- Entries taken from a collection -

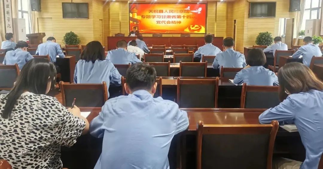 6月2日,天祝县检察院召开专题会议,传达学习省第十四次党代会精神。会议指出,要提高政治站位,兴起学习热潮,推动会议精神的学习宣传贯彻走深走实。要立足检察职能,深入开展最高检“质量建设年”、市委“干部能力素质提升年”、县委“能力作风建设年”活动,依法能动履行法律监督职责,把主责主业做优做强。要加强党的建设,强化党建引领,结合实际细化“党建+”工作措施,引导依法能动履行检察职能,以优异的成绩迎接党的二十大胜利召开。
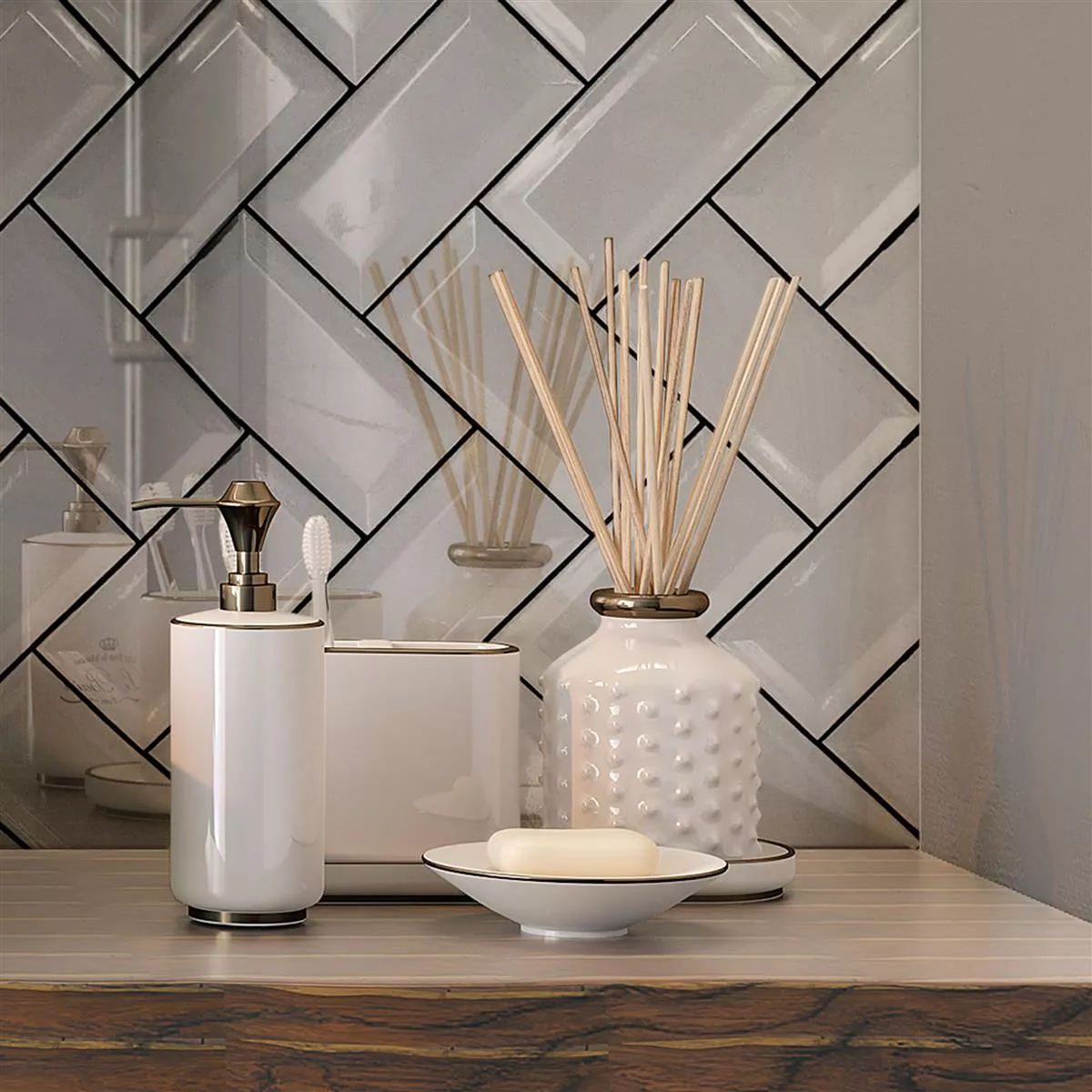Die Metro Wandfliesen "Heliopolis Facette Silber" bringen Glanz und Modernität in Ihr Zuhause. Das nicht rektifizierte, glasierte Steingut in glänzendem Silber verleiht Ihren Innenräumen, Küche, Bad, Dusche und Wohnraum einen zeitgemäßen Charme.
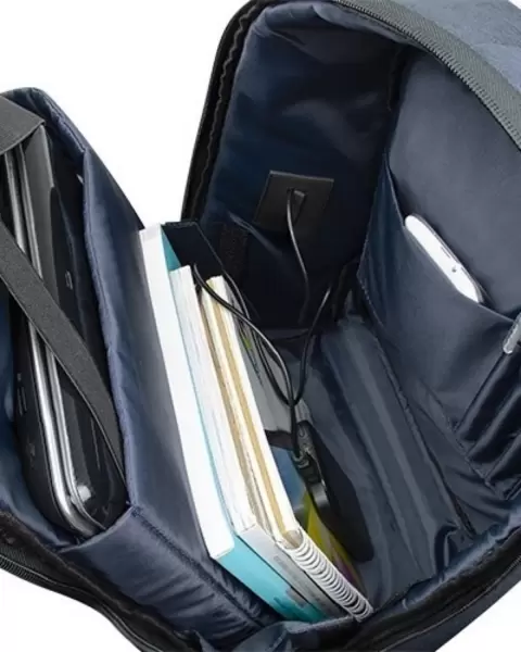 Backpack Anti-robo 15.6" incluye cable USB, color azul mezclilla, ideal para guardar tu laptop y libretas.Nueva, lista para estrenar.
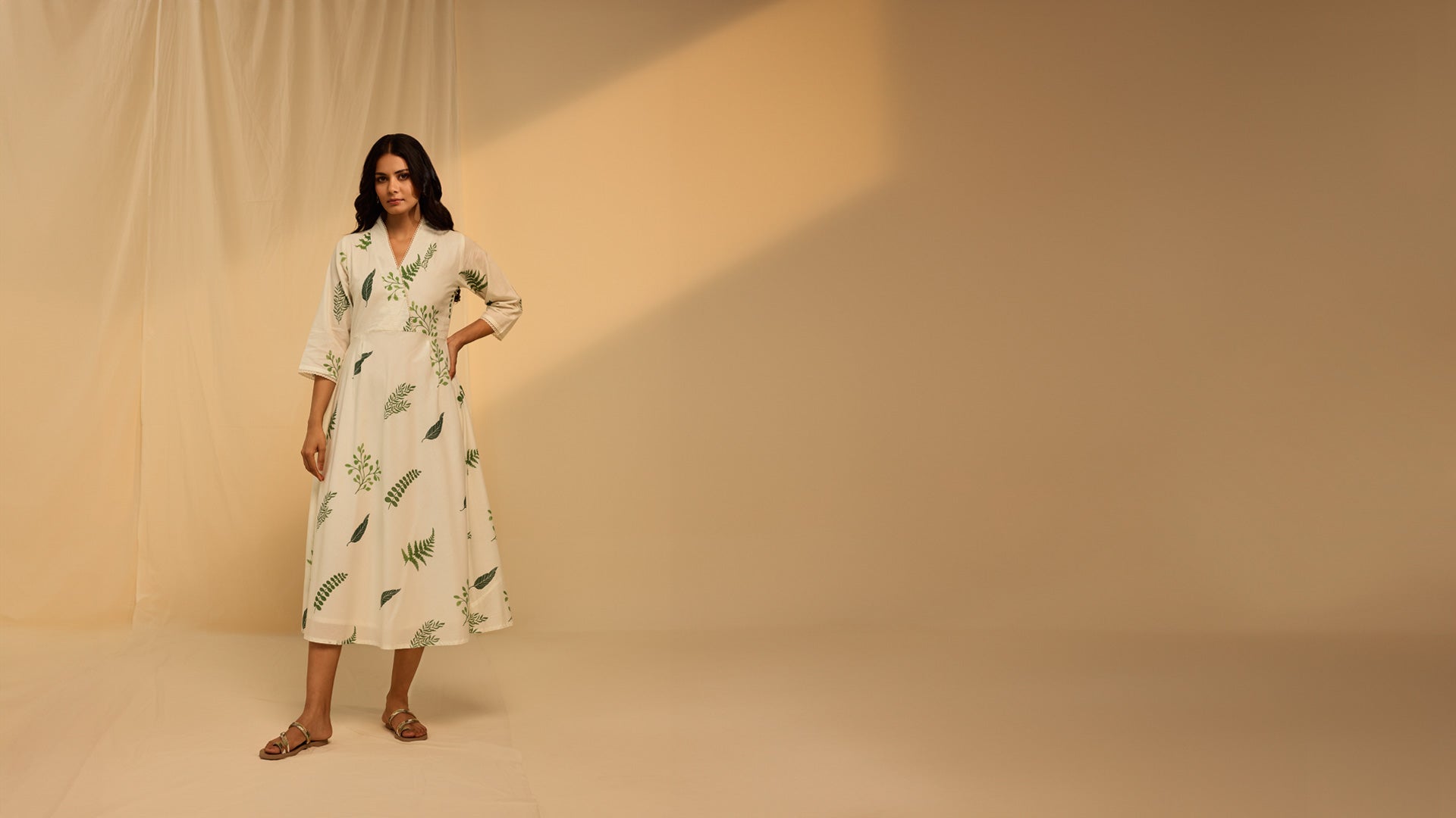 The Hari Pattiya Cotton Dress blends organic elegance with versatile design. Featuring verdant green leaves in a digital print, this fit and flare dress is accented with crocheted lace at the neckline and sleeve cuffs. It includes a soft mulmul lining and can be styled as a dress or an anarkali with matching ecru pants.
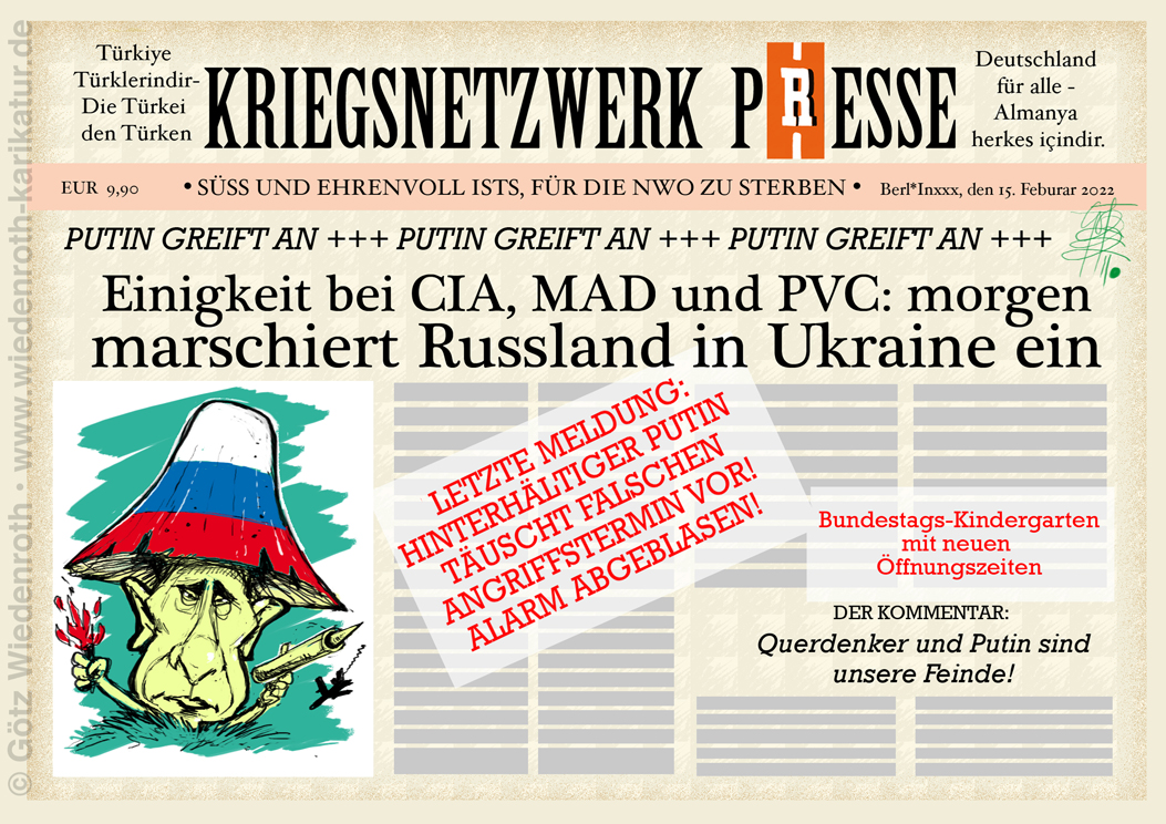 Karikatur vom 16. Februar 2022: Erst. Einigkeit bei CIA, MAD und PVC: morgen marschiert Russland in die Ukraine ein. Dann. Verrat: Putin hat falschen Termin vorgetäuscht! |
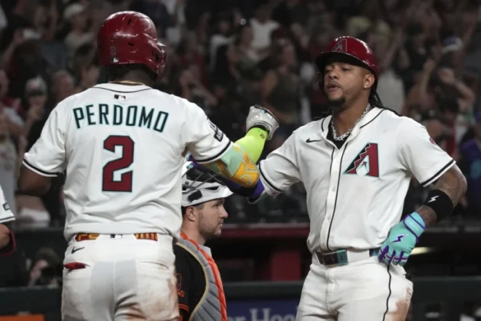 Los Gigantes ganaban por 5-3 al inicio de la novena entrada, pero el dominicano Geraldo Perdomo comenzó con un sencillo y luego su compatriota Ketel Marte —quien fue nombrado titular del Juego de Estrellas de la Liga Nacional en la segunda base horas antes— sacudió un jonrón que empató el juego contra el también quisqueyano Camilo Doval.
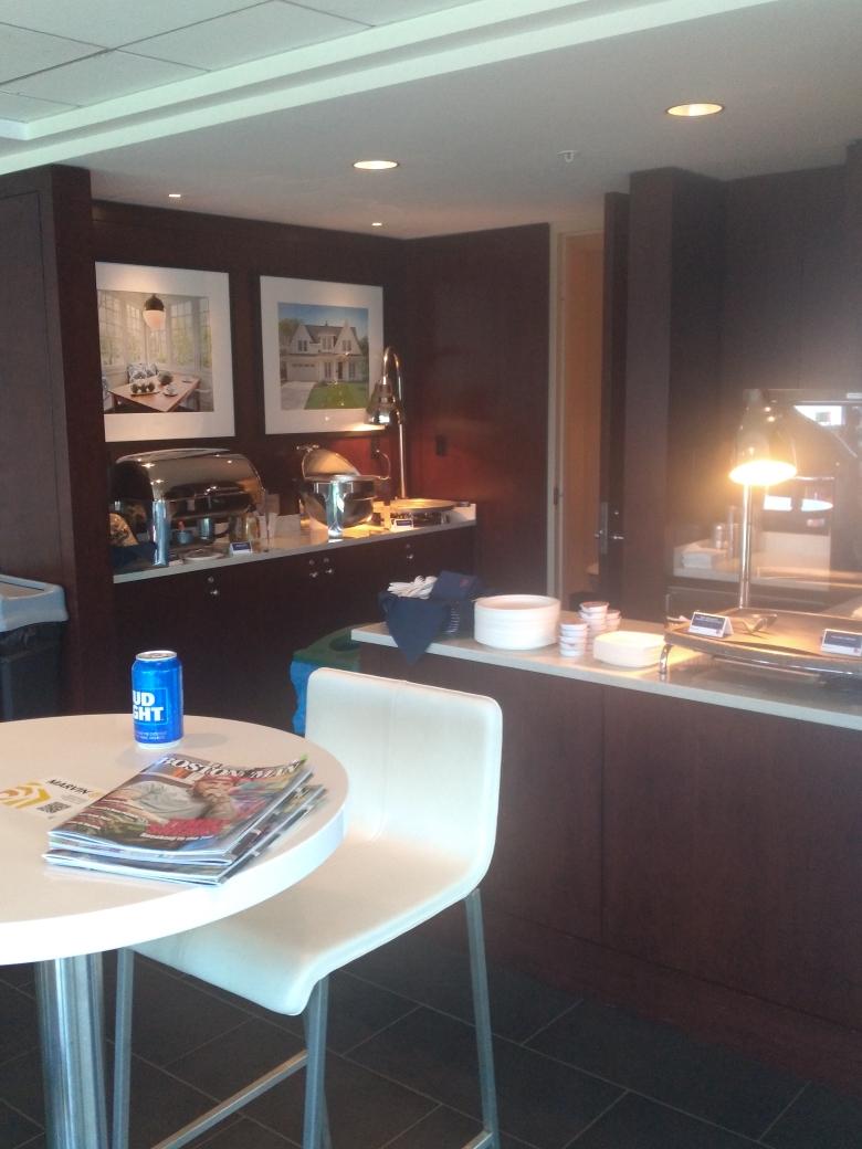 In the back of the suite was a dinette with a mini-fridge filled with free beer and wine, and on the counters sat rows of chafing dishes where the catered buffet would soon arrive, which included sausage and onions on bulky rolls, chicken tenders and hot dogs. Pizzas were then placed beneath heat lamps as other munchies abounded[11].
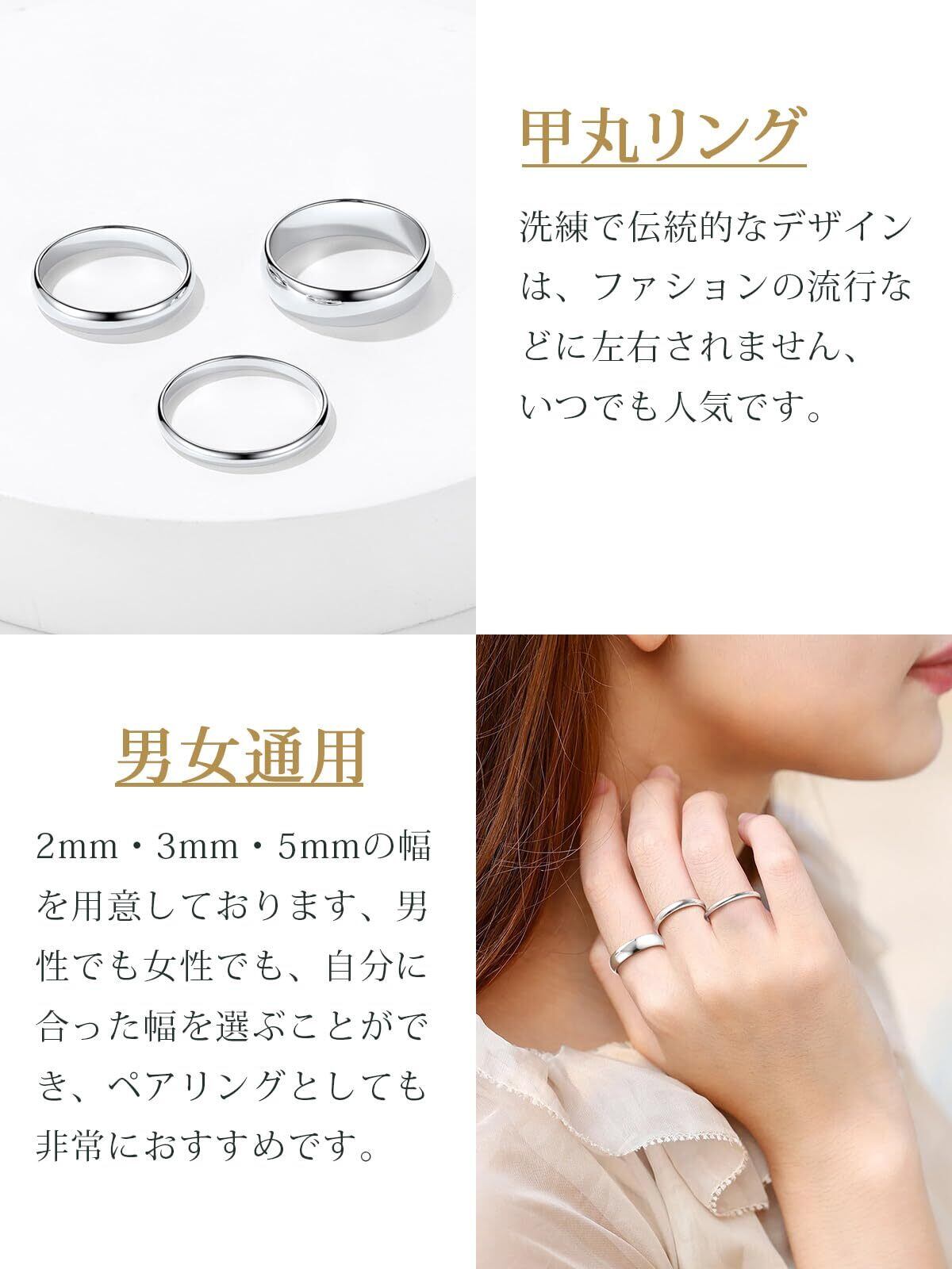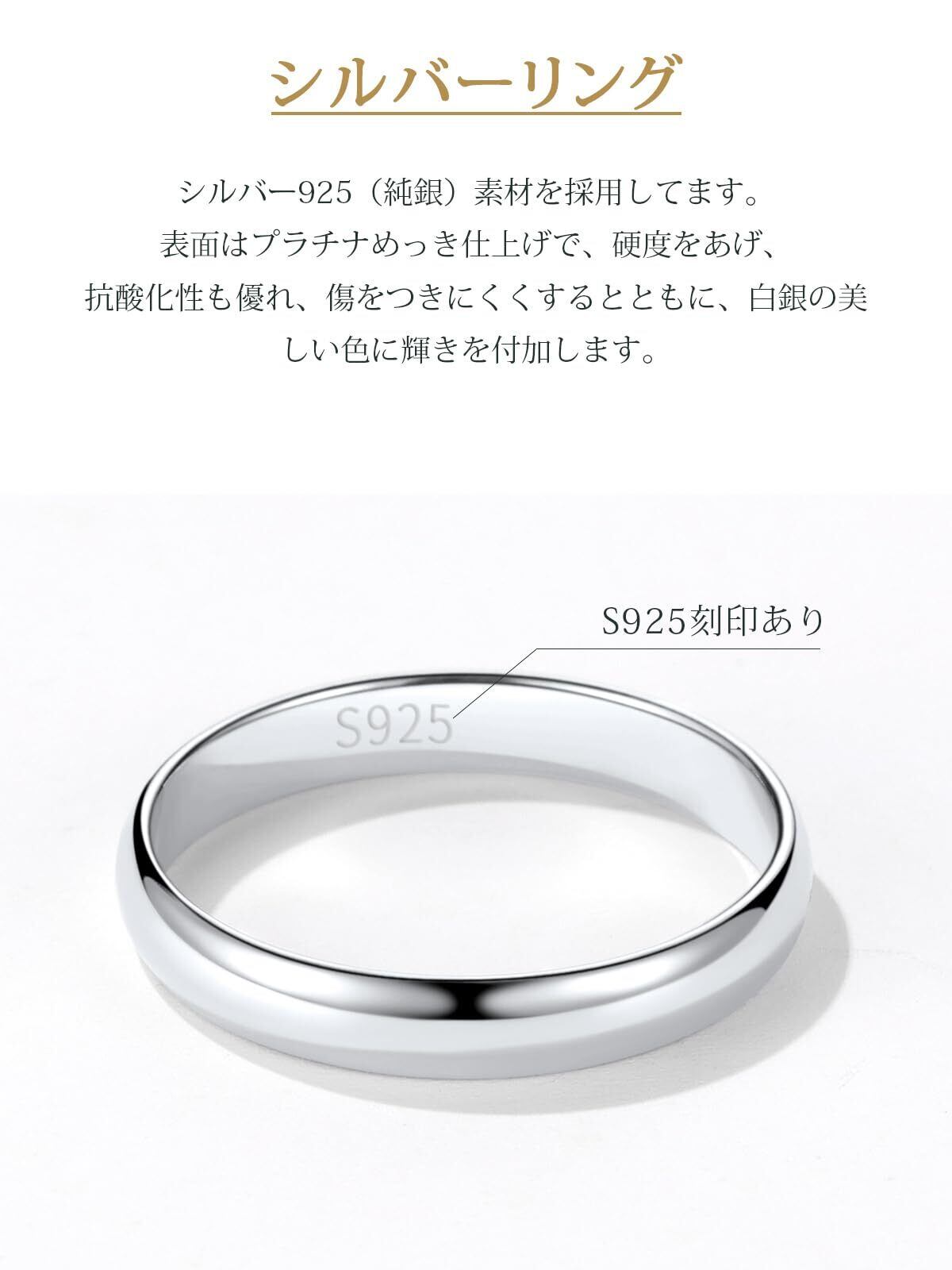 ❷素材:シルバー925(純銀)を採用してます。表面はプラチナめっき仕上げで、硬度をあげ、傷をつきにくくするとともに、白銀の美しい色に輝きを付加します。 リングサイズ:23 リング幅:3mm リング重量:1.6g
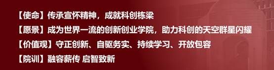 學(xué)院秉承“融容薪傳,啟智致新”的院訓(xùn),以“傳承宣懷精神,成就科創(chuàng)棟梁”為使命,培養(yǎng)兼具卓越創(chuàng)新精神和實踐能力的未來創(chuàng)業(yè)家。堅守“守正創(chuàng)新、自驅(qū)務(wù)實、持續(xù)學(xué)習(xí)、開放包容”的核心價值觀,致力于教育卓越與創(chuàng)新引領(lǐng),矢志成為世界一流的創(chuàng)新創(chuàng)業(yè)學(xué)院,助力科創(chuàng)的天空群星閃耀。
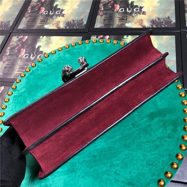 A structured GG Supreme canvas bag with our textured tiger head closure-a unique detail referencing the Greek god Dionysus, who in myth is said to have crossed the river Tigris on a tiger sent to him by Zeus. The sliding chain strap can be worn multiple ways, changing between a shoulder and a top handle bag.
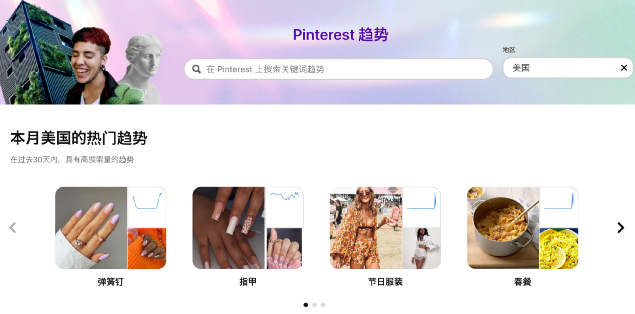 Pinterest Trends是Pinterest提供的趋势分析工具,能够帮助用户了解Pinterest上的热门话题和趋势,以及相关的搜索量和用户兴趣。Pinterest Trends对于图片内容和用户兴趣的数据分析,可以为我们提供更具体和有针对性的趋势分析结果。

- Task goal -
In the records above, find the line with "Die Metro Wandfliesen" and the line with "lista para estrenar."; please transcribe exactly those two lines and all lines between them, omitting any picture.

- Response -
Die Metro Wandfliesen "Heliopolis Facette Silber" bringen Glanz und Modernität in Ihr Zuhause. Das nicht rektifizierte, glasierte Steingut in glänzendem Silber verleiht Ihren Innenräumen, Küche, Bad, Dusche und Wohnraum einen zeitgemäßen Charme.
 Backpack Anti-robo 15.6" incluye cable USB, color azul mezclilla, ideal para guardar tu laptop y libretas.Nueva, lista para estrenar.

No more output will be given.